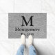 モダンな灰色のヘリンボン及び黒い家族のモノグラム ドアマット
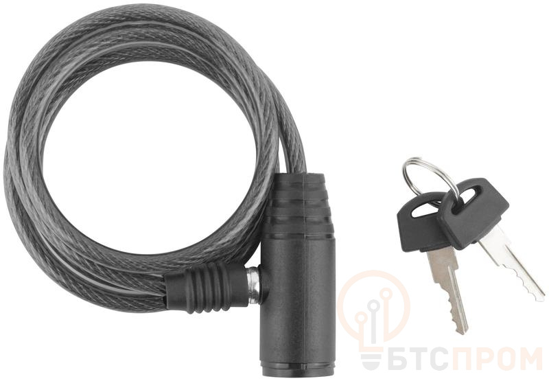 Материал: трос из инструментальной стали, оплетка из ПВХ, пластиковый корпус замка, сердечник из цинкового сплава. 2 ключа в комплекте. Упаковка: картонный подвес.
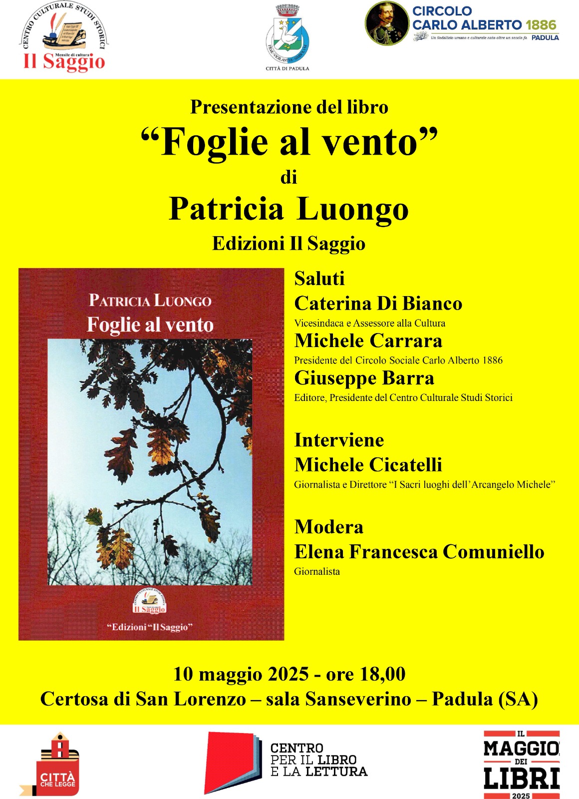 Alla presentazione del libro, organizzata dal Comune di Padula (Città che Legge) in collaborazione con il Circolo Sociale Carlo Alberto 1886 (partner del Patto per la Lettura e promotore di numerose pubblicazioni con eventi di divulgazione della lettura), interverrà l'editore G. Barra e il giornalista M. Cicatelli; ne discuterà con l'autrice la giornalista E.F.Comuniello.

# What you will do
Restate, line by line and word for word, everything from the top of the material through the line that contains "Материал: трос из". Leave pictures out.

# Reply
 モダンな灰色のヘリンボン及び黒い家族のモノグラム ドアマット
 Материал: трос из инструментальной стали, оплетка из ПВХ, пластиковый корпус замка, сердечник из цинкового сплава. 2 ключа в комплекте. Упаковка: картонный подвес.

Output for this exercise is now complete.